2. Detroit suburb rejects mass transit. The city council of one town in southeast Michigan rejected a proposal Monday to build a federally funded transportation center within its borders. The center in Troy, considered a key piece to a mass-transit system in metro Detroit, was voted down, 4-3. Opponents called the $8.5 million center a “waste of tax dollars,” according to the Detroit Free Press, although Troy would not have footed the bill. Earlier, Michigan Gov. Rick Snyder sent a letter urging the council to support the proposal. Monday was the final day for a decision in order to complete the project by the Oct. 1, 2013 deadline set by the U.S. Department of Transportation.

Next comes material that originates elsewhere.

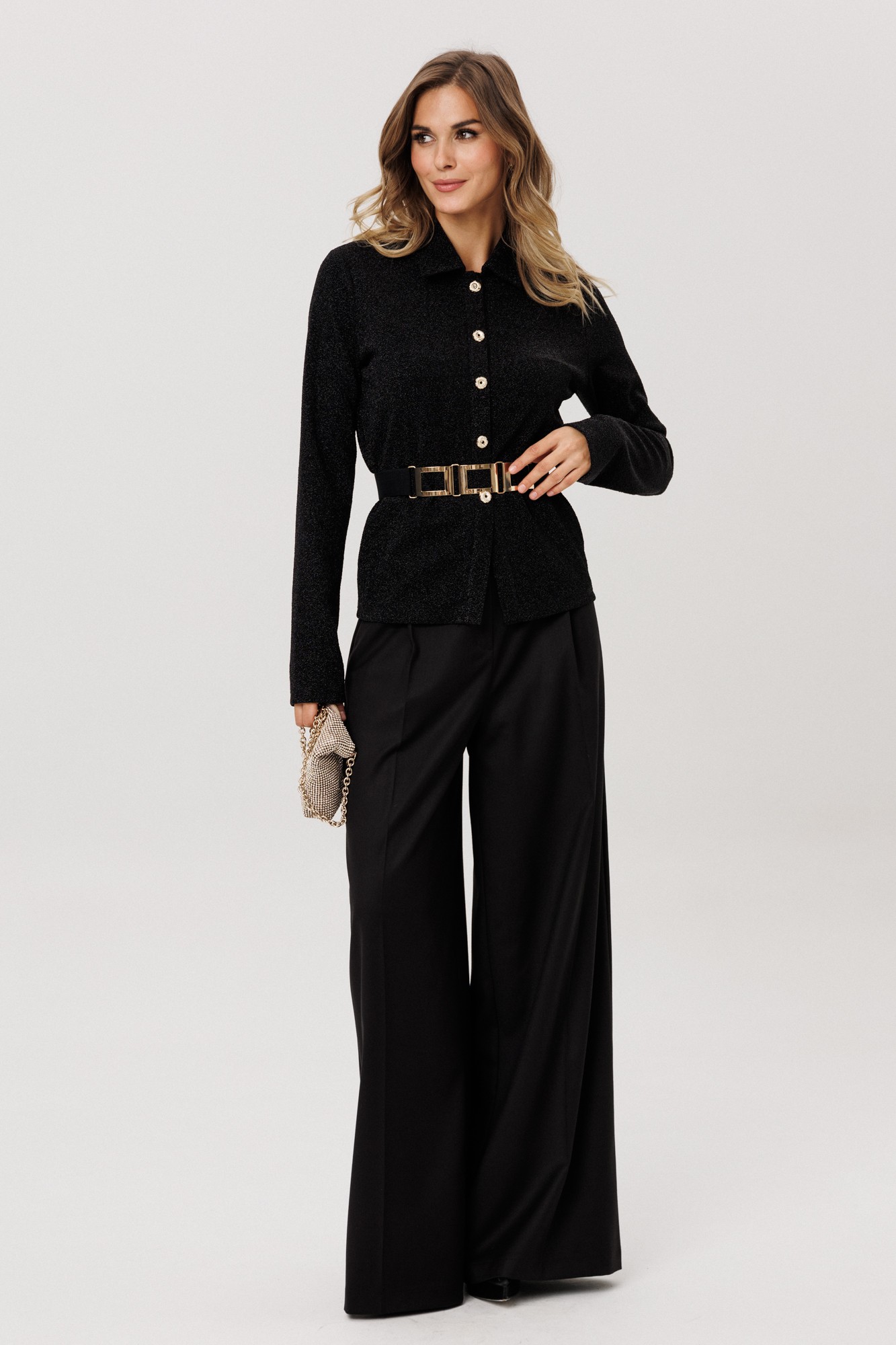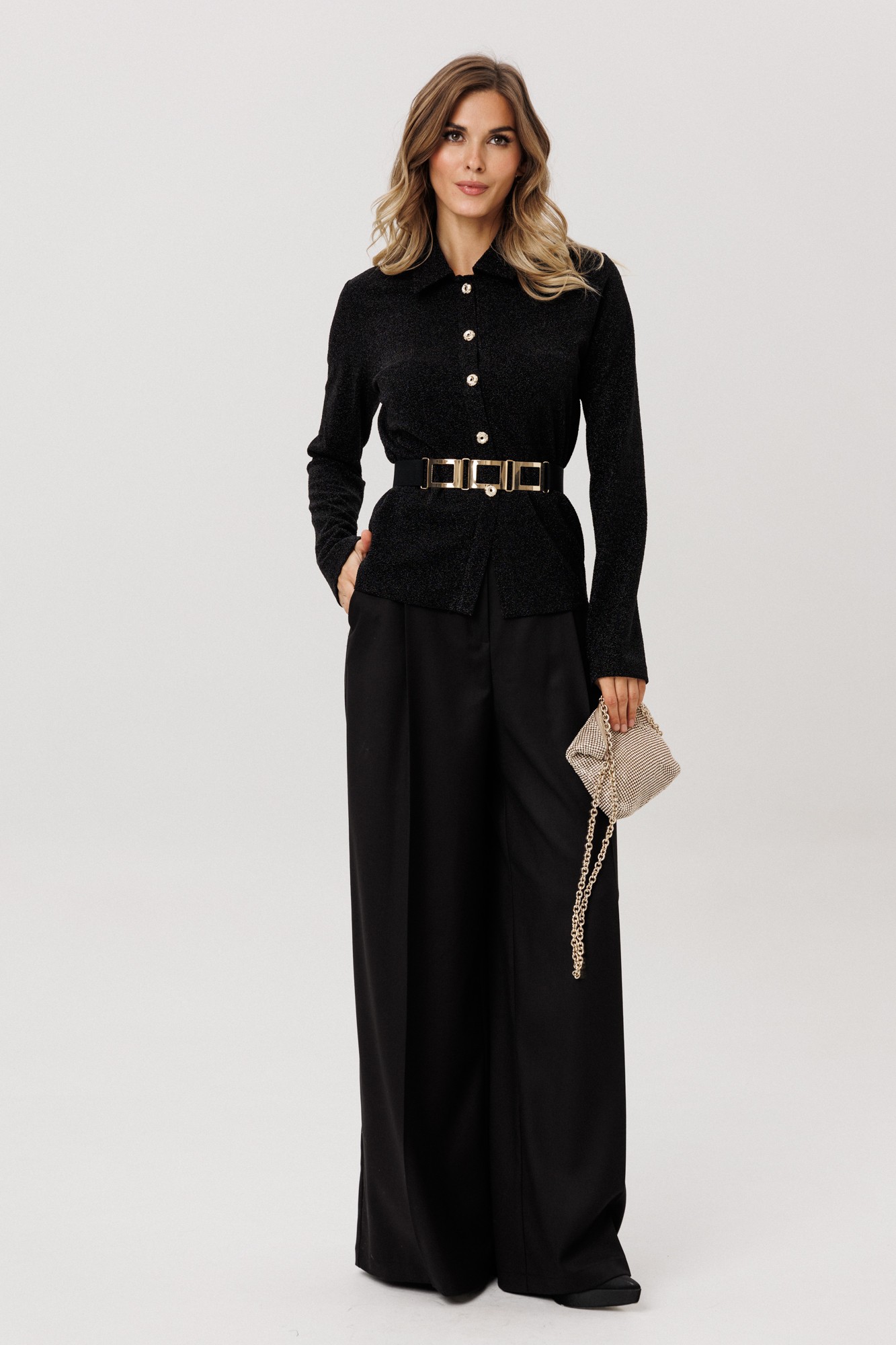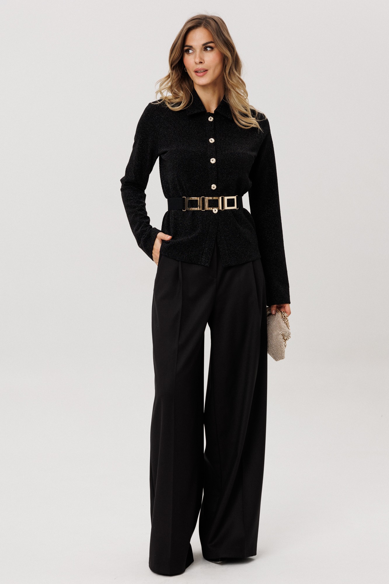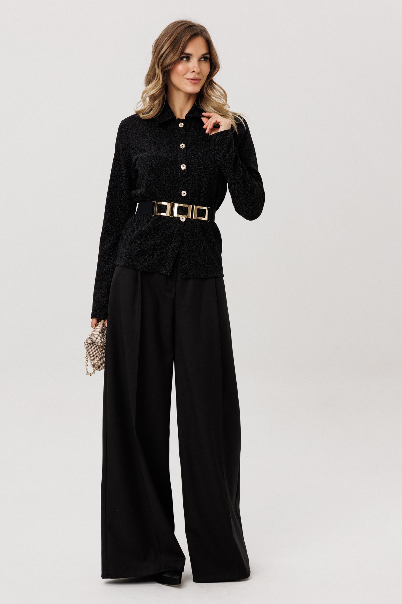 Брюки-палаццо выполнены из плательно-костюмной ткани. Брюки на притачном поясе, длиной в пол, расширенные к низу. Спереди складки и боковые карманы с наклонным входом. Застежка спереди на молнию с гульфиком и пуговицу. На задних частях обработаны таллиевые вытачки. Пояс в комплект НЕ ВХОДИТ!
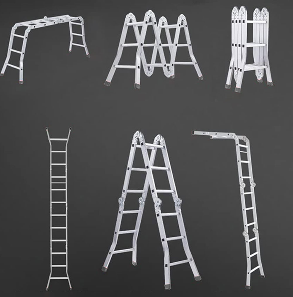 Kiểu dáng: Thang nhôm gấp làm 4 đoạn, sử dụng được nhiều kiểu dáng: chữ A, duỗi thẳng chữ I, chữ M, U, L. Xếp gọn khi không sử dụng.

3. Housing shows slight improvement. The homebuilding industry is showing modest improvement headed into 2012, according to analysts. The Associated Press reports that apartment construction and permits “surged” in November, jumping 9.3 percent from the previous month. It’s the highest level since April 2010. Still, the market remains troubled. Builders broke ground on a seasonally adjusted rate of 685,000 homes last month, but economists say a healthy housing market would produce 1.2 million homes each year. “While beginning to improve, a strong, sustained recovery in the housing market, especially the important single-family sector, is still a ways off,” Steven Wood, chief economist at Insight Economics, tells the AP.